It sounds like nothing you have done in the past 5 years has amounted to anything, so a good policy would be to stop doing those things. If money is a problem, it's pretty dumb to live in a country where you can't speak the language and the work environment is so much for you that you need to get your girlfriend to deal with your employer on your behalf.
Your life isn't over, but I think you need professional help and serious life changes.
Also start sleeping. You can't make these kinds of decisions while suffering from nervous exhaustion.
we also talk about other random shit and clown upon each other
You feel isolated and want more friends.
You are unemployed and have no job prospects
You are being evicted
You are depressed
For the first issue reaching out to pa is a start we will accept you. Please observe wheatons law. But you need actual human contact. Look for a club in your area that has similar interests and is English focused.
The second, look for any job. It's easier to find a good job when you have a job. Ones that deal with foreigners will be your best bet.
Your eviction is likely unstoppable, but getting a job will help you in terms of housing.
See a therapist. It will do you some good.
It is not the case that your friends in the U.S. aren't contacting you because they don't really like you. Some people just don't seek out contact from friends on a regular basis. When friendships are no longer facilitated by proximity or habit, this kind of thing happens. You left, while their habits remained unchanged. The fact that they don't reach out and try to Skype you every week is not because they don't care about you, but because they aren't the type of people that go out of their way to keep in touch with remote people they care about. This is more common in introverts, particularly those that might be found posting in gaming forums. This is me, your friends, and probably you if you were in a healthier social situation.
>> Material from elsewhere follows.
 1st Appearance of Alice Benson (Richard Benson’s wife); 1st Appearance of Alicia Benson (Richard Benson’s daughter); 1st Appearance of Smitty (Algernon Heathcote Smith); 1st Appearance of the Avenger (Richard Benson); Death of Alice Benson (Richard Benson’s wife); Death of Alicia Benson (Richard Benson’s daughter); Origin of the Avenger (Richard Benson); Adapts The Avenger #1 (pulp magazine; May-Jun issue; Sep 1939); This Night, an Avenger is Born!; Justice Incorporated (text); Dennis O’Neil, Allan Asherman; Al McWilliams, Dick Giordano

For the 5 years before my wedding, the person I asked to be my best man was someone I saw maybe once or twice a year, and maybe once spoke on the phone, and that was probably to coordinate before a reunion/wedding. He lived in another city and neither he nor I are the type of people that just call each other randomly. This doesn't mean we didn't care for each other. We just had new lives, new exigent situations to deal with, new distractions. When we did see each other. it was as if nothing had changed. He was, is, and will probably always be, my best friend, even though we rarely communicate.
Your friends have no idea what you're going through because you aren't telling them. You aren't going to scare them away, and if they're friends worth keeping, they will be there for you now. Either way, you need to look for a more proximate solution in Japan if you don't have the money/desire to go back to the States. I guarantee there are people there that you are compatible with (how to find them is another matter on which I'm not sure I can be of much help, though it's probably not all that different from the states - find groups that meet based on interests).
You also need to talk to your girlfriend about what you're going through. Worrying about whether or not she still wants to be with you is just as bad if not worse than actually being alone, and it's pretty unlikely that sharing your feelings is going to scare away the person that's stood by you through all the things you describe in your post.
Physically you need to get into an exercise routine. Not just because you feel bad about your body but because exercise actually releases chemicals that reduce mental anxiety and can help combat various forms of mental health conditions. At first, it can and should be very simple. Just get walking around for the sake of it. Set small, easily achievable goals. Do it 3 times a week and ratchet them slowly every week. If two days after you jog or whatever you're doing you feel so sore that you can't do it again, dial it back. Get the routine and the motivation to continue will follow.
Definitely set strict "no internet after X PM" rules. If you can't enforce it, get Self Control which will do it for you. If you get the exercise routine going, though, I don't think this will be as big of an issue.
If you can in any way afford it (if you have insurance that covers it, or Japan has really awesome mental health coverage programs, free clinics, whatever), you should see a therapist that can see you repeatedly.
But as you said, the first step is wanting to get better, and that means recognizing that you're worth saving, which sounds cliched because it's a universal truth worth spreading.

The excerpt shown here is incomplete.